= Appel de Blois =

Appel de Blois is an initiative in 2008 by Liberté pour l’Histoire to work against legislative authorities criminalizing the past through the legislative, thus putting more and more obstacles in the way of historical research. It was signed by historians such as Carlo Ginzburg, Eric Hobsbawn, and Jacques Le Goff. The appeal, which was directed at the European public, particularly scholars, historians, and academics, called for the rejection of "moralisation" and "judicialisation" of history through the codification of the so-called memory laws.

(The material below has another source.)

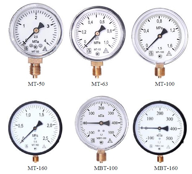 Модификации: манометр МТ-160, МТ-100, МТ-63, МТ-50, мановакуумметр МВТ-100, МВТ-160.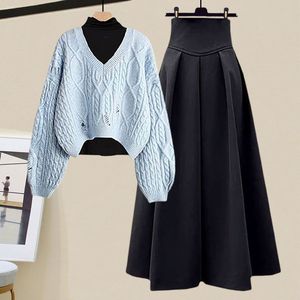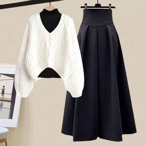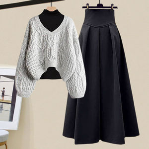 秋冬穿搭一整套2025新款慵懒风洋气针织毛衣显瘦百搭半身裙三件套

The initiative asks people to sign up under this:

Concerned about the retrospective moralization of history and intellectual censure, we call for the mobilization of European historians and for the wisdom of politicians.
History must not be a slave to contemporary politics nor can it be written on the command of competing memories. In a free state, no political authority has the right to define historical truth and to restrain the freedom of the historian with the threat of penal sanctions.
We call on historians to marshal their forces within each of their countries and to create structures similar to our own, and, for the time being, to individually sign the present appeal, to put a stop to this movement toward laws aimed at controlling history memory.
We ask government authorities to recognize that, while they are responsible for the maintenance of the collective memory, they must not establish, by law and for the past, an official truth whose legal application can carry serious consequences for the profession of history and for intellectual liberty in general.
In a democracy, liberty for history is liberty for all.